Vahiy, tüm bu iman şubelerinin/dallarının isimlerini koymamıştır. Dolayısıyla bu konuda genel olarak itaat konusunda gayretli olmayı, vaciplere bağlı kalmayı, tavsiye edilenleri yapmada gayretli olmayı ve müstehap olan amelleri yapmakta yarışmayı teşvik etmiştir.

Ebu Abbas el-Kurtubî r.h şöyle dedi:

Bu hadisin amacı yukarıda belirttiğimiz gibi şeriat amellerine iman denilmesi ve bu sayı ile sınırlı olmasıdır ancak şeriat bu sayıyı bize detaylıca belirtmemiş ve açıklamamıştır.

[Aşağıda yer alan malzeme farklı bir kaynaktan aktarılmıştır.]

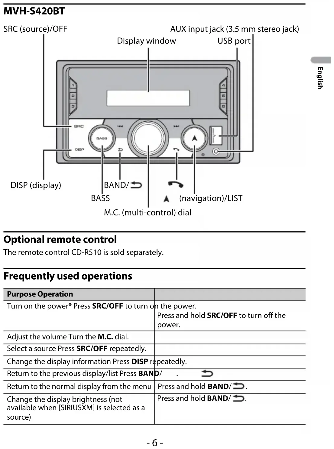 SRC (source)/OFF Display window M.C. (multi-control) dial BAND/ DISP (display) (navigation)/LIST USB port AUX input jack (3.5 mm stereo jack) BASS- 6 - English MVH-S420BT Optional remote control The remote control CD-R510 is sold separately. Frequently used operations Purpose Operation Turn on the power* Press SRC/OFF to turn on the power. Press and hold SRC/OFF to turn off the power. Adjust the volume Turn the M.C. dial. Select a source Press SRC/OFF repeatedly. Change the display information Press DISP repeatedly. Return to the previous display/list Press BAND/. Return to the normal display from the menu Press and hold BAND/. Change the display brightness (not available when [SIRIUSXM] is selected as a source) Press and hold BAND/. SRC (source)/OFF Display window M.C. (multi-control) dial BAND/ DISP (display) (navigation)/LIST USB port AUX input jack (3.5 mm stereo jack) BASS- 7 -- 7 - English

Sonradan gelen bazı alimler, bu şubeleri sayma zahmetine katlanmış, böylece Şeriat hukukunun özelliklerini gözden geçirmiş ve iddialarında bu sayıya ulaşıncaya kadar bunları sıralamıştır. Ancak bu geçerli değildir çünkü söylenenlere eklemeler yapmak, söylenenlerden çıkarmalar yapmak mümkündür. Zira bazıları diğerlerinin kapsamına girmektedir.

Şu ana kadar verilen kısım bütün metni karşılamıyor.